As the last day of preschool approaches, I'm filled with a bevy of emotions. I'm nostalgic for the two little boys I saw off to preschool last September who have suddenly lost their baby cheeks and who can now read and add numbers. I'm excited for a fun-filled summer packed with adventure, popsicles, and lazy afternoons. And I'm terrified as I realize my kids have zero scheduled activities for the next two months.
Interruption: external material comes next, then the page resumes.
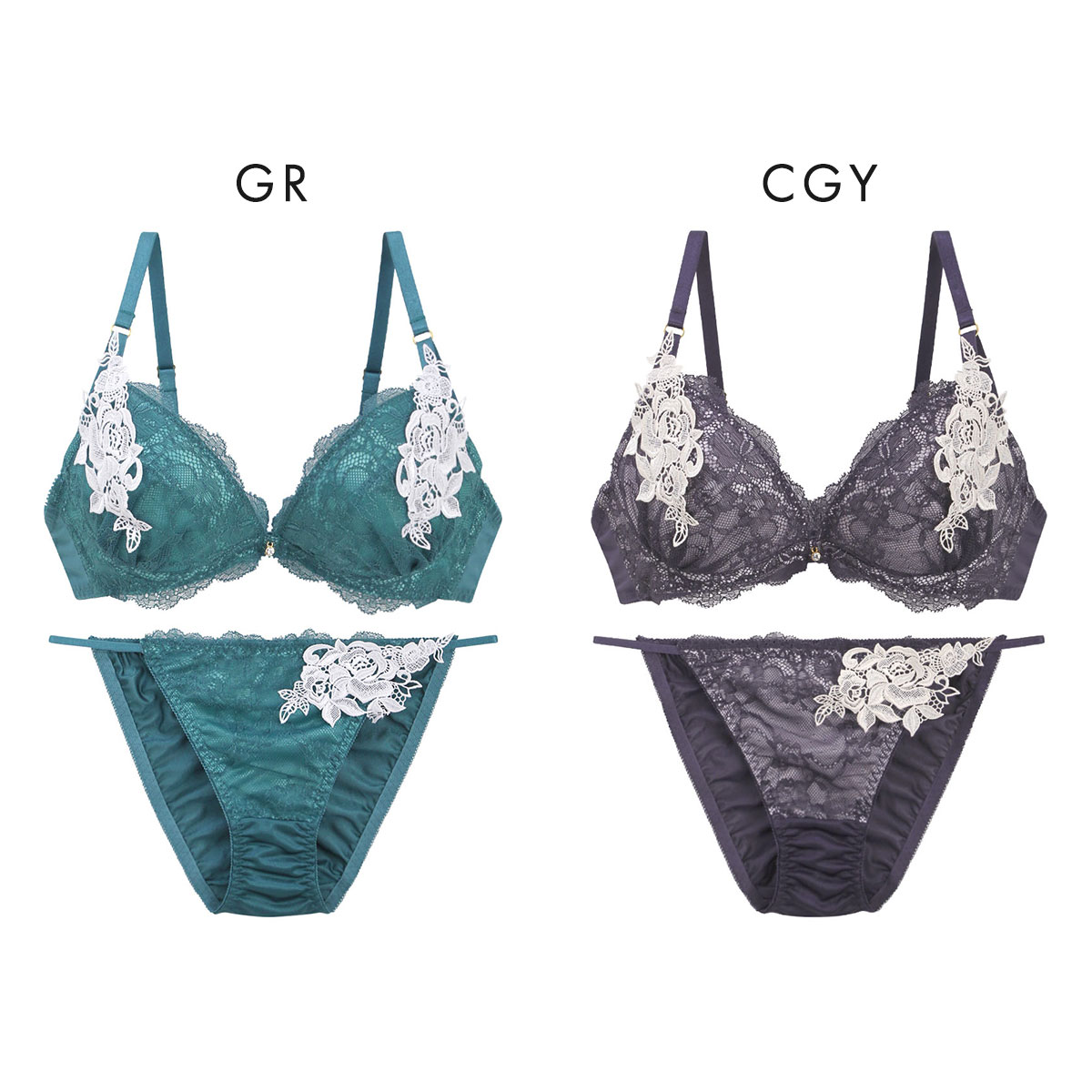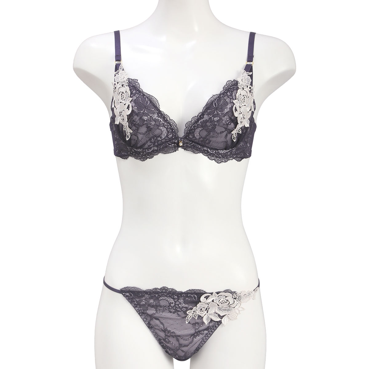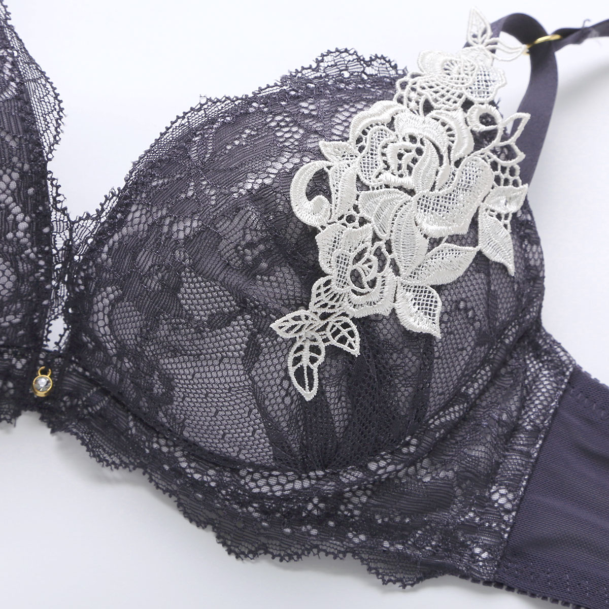 大胆な薔薇のレースアップリケ使いがセクシーなブラセット

These emotions may contradict each other, but let's be honest—the last day of school is a crazy time for moms. I know I'm not the only one with these thoughts on the last day of school:
You know, the ones where you are fighting with your kids about what to wear, slap on some makeup (if you can call it that), throw your hair into a messy bun, and grab something that resembles food and coffee while reminding your kids 8 times that you are late and they have to put on their shoes. Those mornings. Those are done for the next two months. Woohoo!
Well, you saw this coming. If you can relate to those mornings, you know what it feels like to be late for school. I am an on-time type of person, so I will not miss the walk of shame through the front door past the main office, mumbling excuses like, "Hubby's out of town."
I share the daily haul to school with my nanny, but those drop-offs and pickups become, well, a lot. So peace out, preschool drop-off. See you in September.
If you are anything like me, somehow as soon as a new school year begins, my calendar starts looking like a cupcake with too many sprinkles. Maybe I overeagerly sign up for too many committees and volunteer days that first month of school. It all sounds great in theory, but the amount of commitments that come along with having school-aged kids is other level. Then multiply that by the number of kids you have. Between mom's nights out, school socials, being snack mom, room mom, and simply arranging playdates, I feel busier than a New York socialite.
It's why we all love The Weekend, right? (Not him, he's cool too, but the actual weekend). Weekends feel unstructured. Sure, there's the occasional birthday party, baseball practice or dance recital, but usually, weekends are what we make of them. That's summer to me. Summer can be unstructured, lazy, cuddly, and slow. A "get out of bed at 9 a.m. and play in our backyard with no shoes, clothing optional, sipping lemonade" pace. Yesss.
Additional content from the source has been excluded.